WHAT WE DO

KIN is for any Black person who is doing radical, liberatory work on the frontlines in their communities. We hold space for folx to share organising practise and contextualise what achieving collective liberation looks like within the UK. For KIN, Radical includes those working with an anti-oppressive and liberation centred practice and Black includes anyone from an African, Caribbean and/or mixed race ancestry.

Our programme of activities offer in-person and online gatherings across three areas:

  • Political Education: Spaces for knowledge-sharing and learning, deepening our understanding of global social, political and historic contexts and strategising. These are black peer-led sites of connection, exploration and learning to help get us in to our power. In these sessions we seek to find a shared analysis of where we are, a collective understanding of where we want to go and to build a shared programme and strategy of how you are going to get there.

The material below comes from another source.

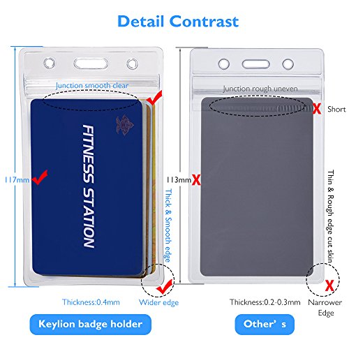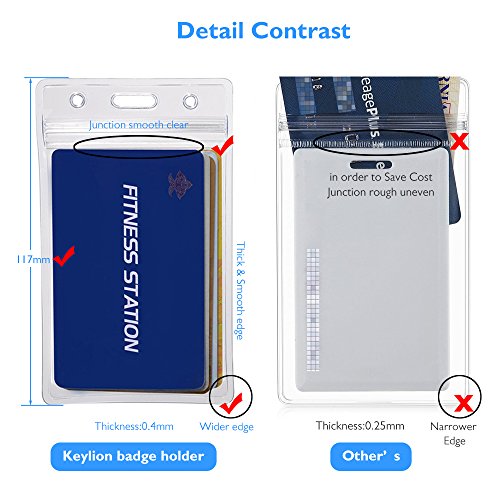 Durable PVC (poly vinyl chloride) material, wear-resistant and corrosion-resistant properties. Single layer thickness is increased to 0.4mm, with an increase of 60% compared to the standard thickness 0.25mm in Amazon. High transparency. Even if multiple badge holders overlapping, read effortlessly.
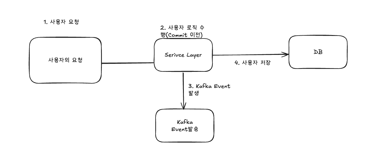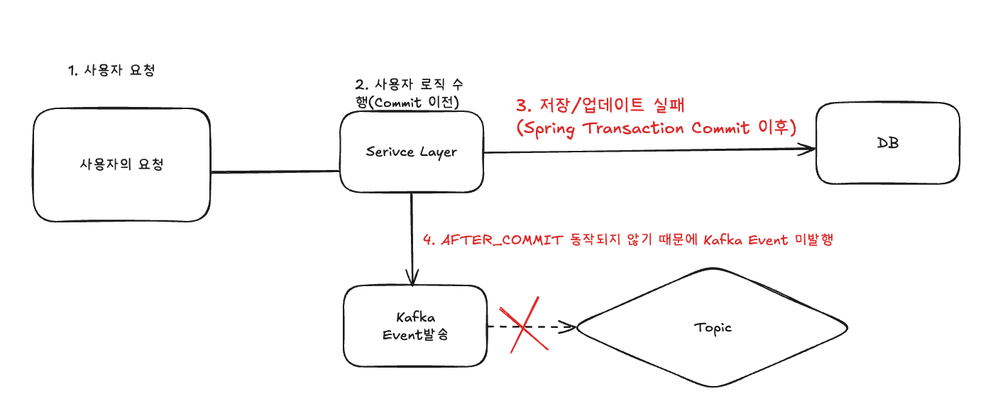 하지만 Kafka로 이벤트를 전달하는 메서드가 로직에 함께 있다면 어떻게 될까? 트랜잭션이 커밋되기 이전 시점에 카프카가 이벤트를 발생시키고 토픽을 통해 전송하게 된다.

  • In the Community: Everyday activism - creating and deepening connections inside black communities fighting for change. These gatherings help us  understand how the political landscape and policies impact our communities and how we can address them locally. Think solidarity economics, relationship-building, listening and collective solution finding. They include community meals and regular online Town hall gatherings.

  • Kinfolk Annual Convening: Our annual residential is a chance for the Black activist community across the UK and beyond to imagine and plan for Black liberation. It’s a space for audacious visioning and dreaming, to discuss the obstacles and opportunities in order to create the future we want. Here we remember and imagine ways of building beyond what currently is. Through workshops, facilitated sessions, body movement and wellbeing practices  this is a space where insatiable hope meets meaningful action.

KIN also seeks to archive the wisdom of our communities and share resources for liberation and sustainable activism. We do this through solidarity mapping, community mapping and recording the wisdom shared at our gatherings for community benefit. Internally, we are working on building out our radical infrastructure by moving towards a co-operative approach that centers people, anti-oppressive practice, solidarity, interdependance and care.


OUR VISION

Two black people reading together

Collective liberation

  • Our ultimate vision is for collective liberation: a world in which everybody is able to flourish, along with the rest of the natural world.

  • We contribute to this vision by supporting our community and Network on their journey to Black liberation, with a focus on holding spaces that centre joy, healing and solidarity.

Collective care

  • We dream of spaces of restoration, accountability, and transformative justice.

  • We create spaces that invite us to acknowledge the systems of oppression we have internalised and work to shift them, placing value on dreaming, visioning and compassion.

  • We seek to share ways of knowing and being that we have inherited from our ancestors.

Uplifting a diverse community of Black activists

  • We dream of a rich diversity of Black activists being uplifted and celebrated in liberatory spaces, in which those at the margins of our community are centred for the benefit and liberation of all.

  • Those who are often not visible in many activist and organising communities, and whose voices are undervalued because of it, are at the very heart of our vision: Black migrants, Black children and young people, Black elders, Black trans, non-binary, queer, disabled and neurodiverse folk.

  • We envision the individuals and groups at the helm of change are nourished, supported and held accountable, in community with shared purpose. This means bringing together a range of activists from abolitionists, educators, migrants’ justice activists to food growers and queer family in solidarity for a stronger and more sustainable movement for liberation.

“If you have come because your liberation is bound up with mine, then let us work together.”

– Lilla Watson

OUR GOALS

  • To facilitate our network of activists in coming together to strategise and learn from each other. These are peer-led sites of exploration, celebration, healing and learning.

  • To amplify, uplift and empower Black activists who are further marginalised by their various intersecting identities.

  • To build a sustainable organisation rooted in collectivism, solidarity and care, acting as a site of experimentation for the wider movement.

  • To engage and resource our community and to contribute to the wider archive of Black activism including the creation of accessible, creative, exciting and beautiful materials of joyful pedagogy on transformative organising practice, that heals and sustains (rather than burns out!).